Page 116 of Shadows of Stardust

More guilt swarms up my throat as I watch the words land with a slight flinch, as I watch her realize for the first time how much I’ve gone through to be here, how much further I would have been willing to go to find her.

And maybe it’s small of me, maybe it’s mean of me, but I want her to realize. My mind is a tangle of desperation and grief and no small measure of frustration over the fact that all of this was useless. I came all this way, risked my freedom and future, and look where it got me.

So yeah, the righteous older sister in me wants her to know.

“Why didn’t you tell me where you were going? Why didn’t you send a message? Anything?”

The questions slip out before I can stop them, and Savvie flinches again.

“There… wasn’t time. And then, once there was, I thought it would be better if I was just… gone. Mom was gone. You were gone.
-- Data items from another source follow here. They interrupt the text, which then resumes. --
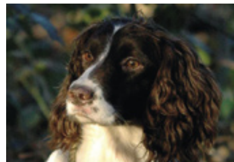
F.T.Ch. Edwardiana Terrasway.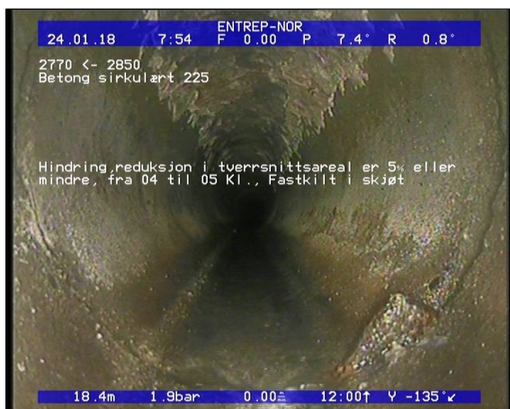
Foto: Hindring, reduksjon i tverrsnittsareal er 5 eller mindre, fra 04 til 05 Kl., Fastkilt i skjøt_0.JPG 18,43m, Hindring, reduksjon i tverrsnittsareal er 5% eller mindre, fra 04 til 05 Kl., Fastkilt i skjøt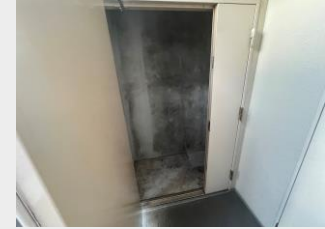
季節物の収納に便利なトランクルーム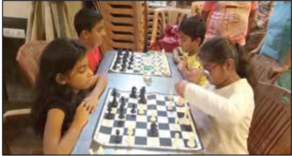
બાળકો માટે ઉપલબ્ધ કરાયેલ રમત ગમતના સાધનો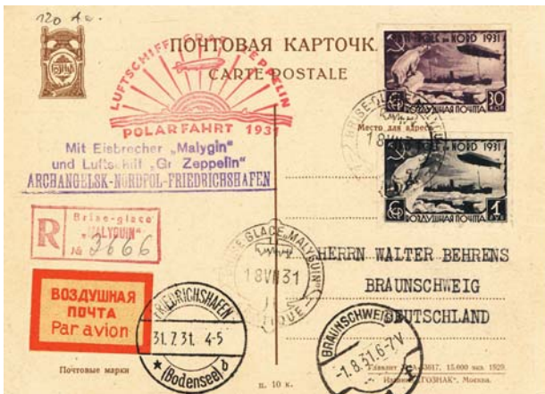
Abb. 2: Postkarte mit Nebenstempeln und russischer Frankatur, auf welcher – vorausgehend – das Treffen von LZ-127 und „Malygin“ dargestellt ist. Der Laufweg von Archangelsk per LZ-127 „Graf Zeppelin“ zur „Malygin“ über Friedrichshafen am Bodensee nach Braunschweig ist durch Nebenstempel und Poststempel dokumentiert.

Aufschlussreich ist der Vergleich der technischen Daten des LZ-127 mit dem „Zeppelin-NT“, dem größten zurzeit verfügbaren Luftschiff (Tab. 1).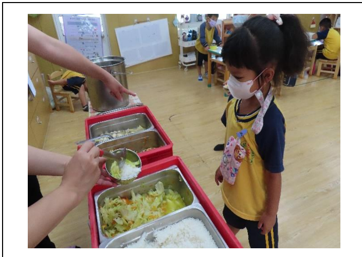
說明：提供營養均衡的午餐，鼓勵幼兒多吃青菜、豆魚蛋肉類，維持每日所需。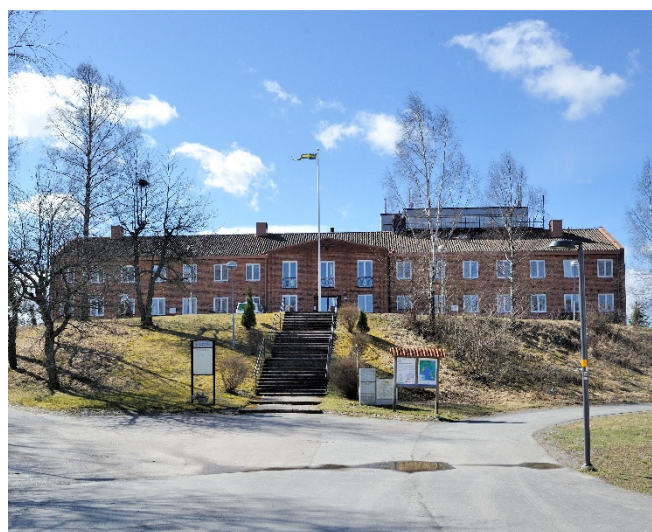
Kanslihuset med flygledartorn

År 1974 var flottiljens sista verksamma år, de två kvarvarande divisionerna hade avvecklats året innan. Först hade 181.jaktflygdivisionen avvecklats i juni 1974 och sedan 183.jaktflygdivisionen den 31 december 1973. Utbildnings- och specialkompaniet överfördes till det nya skolförbandet, som fick namnet Utbildningskompaniet. I samband med nedläggningen av F 18 som jaktflygflottilj invigdes Flygvapnets Södertörnsskolor. Uppgiften för skolorna var att utbilda värnpliktiga, framtidens officerare och civil personal för Flygvapnet. Efter nedläggningen 1986 bedrevs militär verksamhet fram till 1996.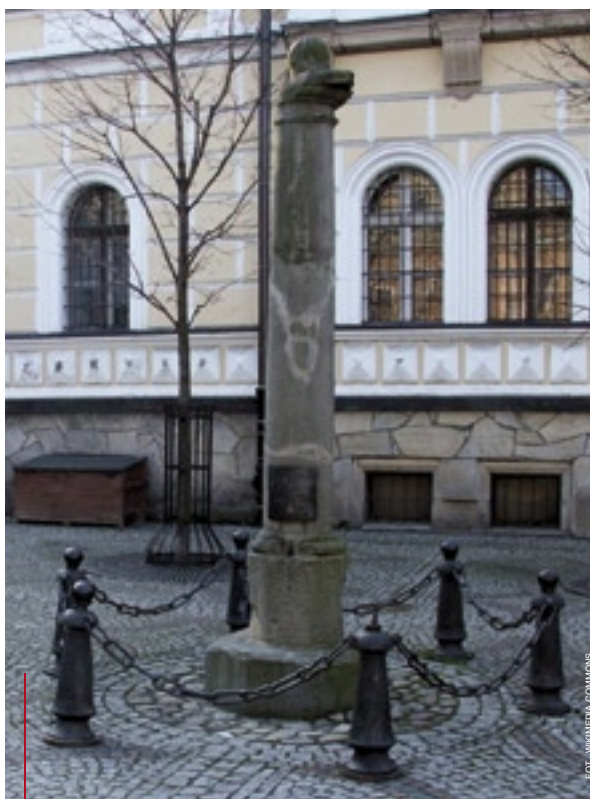
Pochodzący z 1666 r. pręgierz w Łądku Zdroju

wiele brakowało, by jeszcze w XVIII wieku go rozebrano. W 1848 roku usunięto żelazne obręcze i łańcuchy, lecz reszta została. Do roku 1945 pręgierz był jedną z atrakcji turystycznych, oglądaną i podziwianą. Po zdobyciu „Festung Breslau” przez wojska radzieckie nastąpiło najgorsze. Ocalały z pożogi wojennej piękny pręgierz stał, dopóki nie przejechał po nim skutecznie sowiecki czołg (już po zdobyciu miasta!). Połamane i zdekompletowa-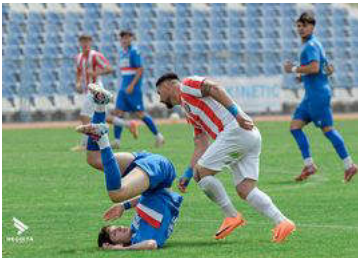
ocupanta locului secund CS Drobeta 2024. Echipa severineană a făcut

Sezonul 2025-2026 din Liga a 4-a Mehedintzi s-a încheiat la sfârșitul săptămânii precedente, o dată cu disputarea etapei a 26-a. În ultima rundă, s-au jucat însă doar 4 partide. Dacă Viitorul Strehăia nu s-a prezentat în deplasarea de la Breznița Ocol, Viitorul Cujmir și CS Drobeta Turnu Severin au câștigat tot la "masa verde", după ce adversarele Victoria Drobeta Turnu Severin și CS Corcova fuseseră excluse din campionat. S-a disputat în schimb partida de la Gârla Mare, unde Unirea din localitatea a fost învinsă cu scorul de 6-5 de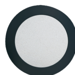
Rond ø 235 ø 315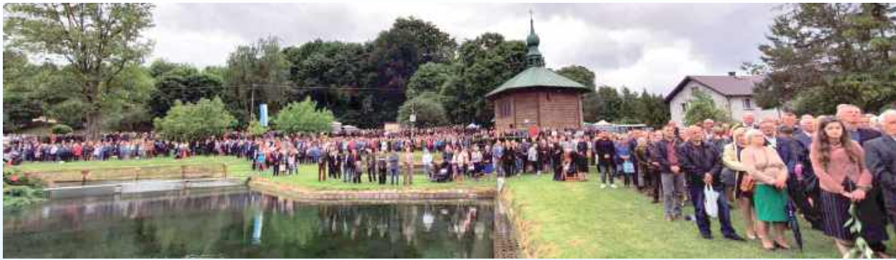
13 czerwca główne uroczystości odpustowe w Radecznicy

Radecznica to wyjątkowe miejsce na mapie religijnej Polski, znane jako „lubelska Częstochowa”. To tutaj,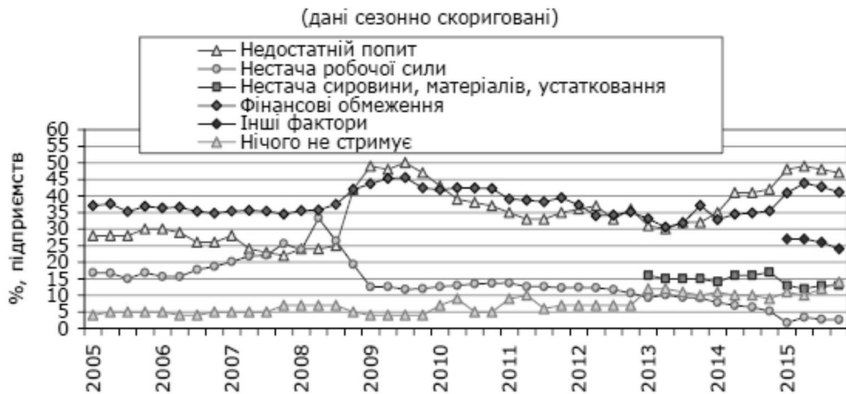
Рис. 3. Фактори, які стримують виробництво в Україні за опитуванням респондентів-промисловців

наряду з фактором недостатнього попиту, можна зазначити, що в країні склалися несприятливі умови для фінансової стабільності підприємств.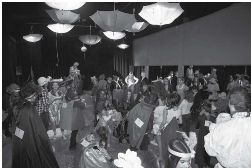
Baile de Máscaras é no dia 2 de março no Auditório da Nascente.

Os três darão, por certo, um excelente contributo para a qualidade e a animação geral de um evento festivo que é já um marco no roteiro do carnaval local. E o mesmo é de esperar por parte da entidade organizadora Nascente, que se prepara para acolher no seu auditório todos os próprios foliões darão o seu contributo para a alegria geral, desde logo com a escolha das máscaras e fantasias que irão exibir. O carnaval da Nascente tem já uma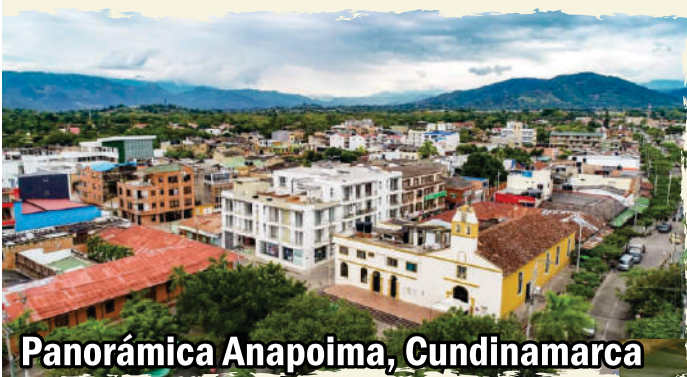
Panorámica Anapoima, Cundinamarca

Tierra de Alguien Fundación: 10 de agosto de 1627 Altitud: 710 m.s.n.m Temperatura media: 28-35° C Gentilicio: Anapoimuno (a)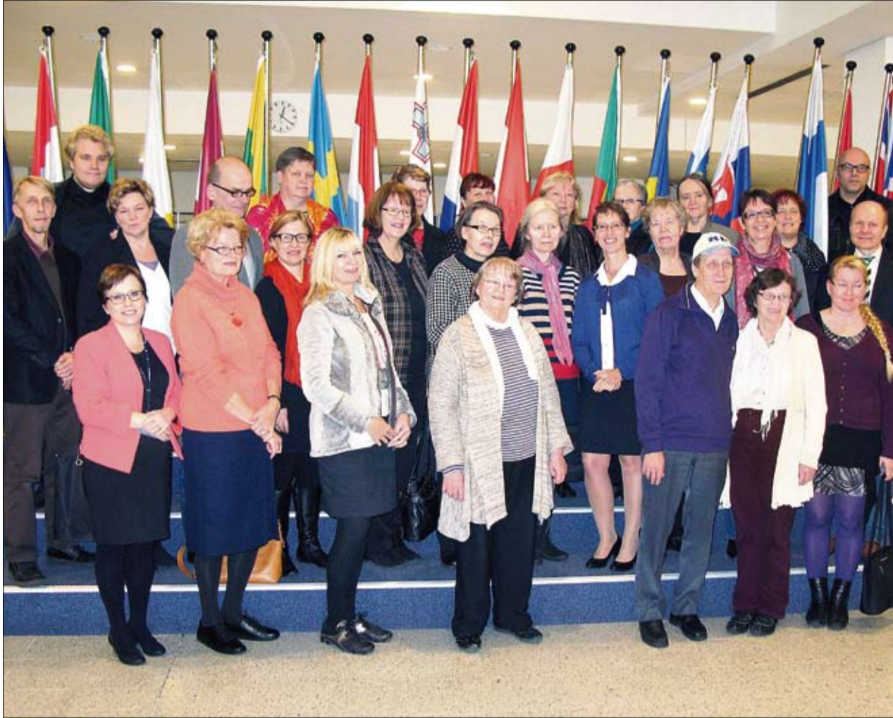
KD Viikkolehden lukijamatkalaiset ryhmittivät yhteiskuvaan meppinsä ympärille europarlamentin vierailija-alueella maanantaina.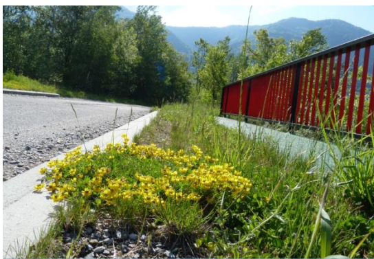
Green hedges on a bridge

I figured it was my turn.”

Anger sparks hot and heavy and drenched in regret, all of it pooling together in the bottom of my gut.

“I was never gone, Sav. I was trying to get back to you. Always. From the day I left for training, all I ever wanted was to get back to you. To make sure you were okay until I could.”

She’s got nothing to say to that.

I don’t blame her.

I don’t have any more words, either.

I’ve got nothing but the sick, sinking certainty that all of this was a mistake, and not a mistake. That it was the biggest regret I’ll ever have, and the most necessary thing I’ve ever done. I’m numb with it, far too numb to do anything but stand when Savvie does and follow her off the dock, up the path, back through the village where a handful of faces peer out at us from windows and doors as we pass. All the friends and neighbors Savvie will have by her side for the rest of her life. The friends and neighbors who’ll meet her child, who’ll watch them grow, who’ll be the community we never had on Earth or Severin or anywhere else.

We reach the spot where Zan and I docked on the riverbank, and he’s there, lounging in the hover. Arrik is nearby, too, no doubt keeping an eye on the interloper in their midst.

They both stand as we approach, and Zan walks back down the dock in a few long strides, stopping just at the end of it when Arrik gives him a hard look.

Savvie and I stop at the foot of the dock, the air between us as crackling and heavy as the storm-clouds above, the ones that still haven’t broken despite all their bluster.

“I guess this is it.”

The words seem to come from somewhere outside of me, somewhere warped and sideways and not of this world.

They can’t be of this world. They can’t be real.

This is it.

“Yeah, I guess it is.”

Savvie steps closer and wraps her arms around me.

The hug is wrong. Light, awkward, stilted. Filled to the brim with resentment and hurt and grief.

When we part, it’s even worse, like a piece of my heart’s been wrenched from my chest and I’m slowly bleeding out.

“Goodbye, Ros.”

“Bye, Savvie.”

Then I’m walking, and my feet are somewhere outside my body, too. I’m a hundred different pieces heading a hundred different directions. Broken. Scattered. I can’t make myself stop. Can’t make myself think. Can’t make sense of any of it.

When I reach him on the dock, Zan puts a hand between my shoulder blades, drawing me closer to him. “Are you alright?”

I nod. “Yeah, I’m… let’s just go.”

He looks at me a beat longer before he nods, too, and steps toward the hover.

I can’t make my out-of-body feet follow.